Founder Protection In Shareholders’ Agreements How to Retain Company Control

A Guide To Founder Protection In Shareholders’ Agreements

Table of Contents

Most business owners bring in investors or enter into transactions that involve giving up a portion of their ownership. 

However, as the person driving the business, control does not always move in tandem with shareholding. A Shareholders’ Agreement (SHA) is commonly used to ensure that founders retain company-level control even where capital transactions dilute their ownership. 

Control under the Companies Act 2016 

In the absence of a SHA, control of a company is determined by voting thresholds under company law. 

Generally: 

  • decisions requiring a simple majority are passed with more than 50% of voting rights  
  • decisions requiring a special majority require at least 75% approval  

In practical terms, once a founder’s ownership: 

  • falls below 75%, they lose control over matters requiring special resolutions (i.e., constitution amendment, dissolution, capital reduction, etc.)  
  • falls below 50%, they no longer control ordinary resolutions  

This situation commonly arises during fundraising rounds where new investors are introduced and shareholding is diluted over time. It may also arise in M&A transactions where founders transfer part of their shares to incoming investors or strategic buyers.  

Key clauses for founder protection 

Without additional structuring, control will follow ownership. 

To address this, a SHA is typically put in place once there is more than one shareholder to regulate how key decisions and governance matters are managed as ownership evolves. 

Below are some key clauses that can help protect founders where their shareholding shifts over time. 

Clause How It Protects Founders   
Reserved matters Certain key decisions require founder’s consent regardless of shareholding   
Veto rights Allows founders to block specific actions even without majority control   
Board composition Ensures founder’s representation at board level   
Quorum requirements Requires founder’s presence for board or shareholder meetings   
Drag-along rights Typically allows majority shareholders to force a company sale, but can be structured with thresholds or conditions to protect founder’s participation   
Deadlock resolution Provides mechanisms to resolve disputes where shareholders are unable to agree (e.g. buyout or escalation processes)    

The suitability and scope of these clauses depend on the company’s structure, funding plans and commercial negotiations between shareholders or investors. 

Other safeguards 

In addition to having a SHA, it is equally important to: 

As a SHA is subject to negotiation, there is no guarantee that all proposed protections will be accepted by incoming investors. This makes forward planning critical. 
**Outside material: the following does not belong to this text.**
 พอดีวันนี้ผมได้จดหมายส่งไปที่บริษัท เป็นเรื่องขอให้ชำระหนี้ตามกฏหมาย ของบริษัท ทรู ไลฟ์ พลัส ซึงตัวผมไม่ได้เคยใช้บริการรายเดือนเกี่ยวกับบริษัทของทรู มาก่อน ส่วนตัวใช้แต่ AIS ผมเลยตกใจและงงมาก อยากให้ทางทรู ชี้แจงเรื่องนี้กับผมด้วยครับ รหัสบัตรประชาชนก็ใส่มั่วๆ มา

By maintaining a cap table and modelling different funding scenarios, founders can better understand how their ownership may be diluted across multiple rounds and make informed decisions before entering into transactions. 

Having both a properly structured SHA and a well-maintained cap table allows founders to manage both control and ownership as the business grows. 
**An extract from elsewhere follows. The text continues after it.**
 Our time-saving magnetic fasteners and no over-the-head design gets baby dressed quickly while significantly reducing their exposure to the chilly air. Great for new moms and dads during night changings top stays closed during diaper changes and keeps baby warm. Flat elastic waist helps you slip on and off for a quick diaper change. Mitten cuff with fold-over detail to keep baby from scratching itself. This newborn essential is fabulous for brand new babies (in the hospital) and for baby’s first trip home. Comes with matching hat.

Let ELP draft your Shareholders’ Agreement

It is best to ensure that the requirement for a Shareholders’ Agreement, together with key commercial terms, is addressed at the term sheet stage so that key rights are established from the outset before the transaction is completed. 

shen-ming-casual

Wong Shen Ming

Shen Ming is a corporate and commercial lawyer who is deeply committed to supporting her clients in achieving their business goals. Specialising in commercial and employment law, she demonstrates her expertise by crafting and reviewing various types of commercial agreements.

View her full profile here.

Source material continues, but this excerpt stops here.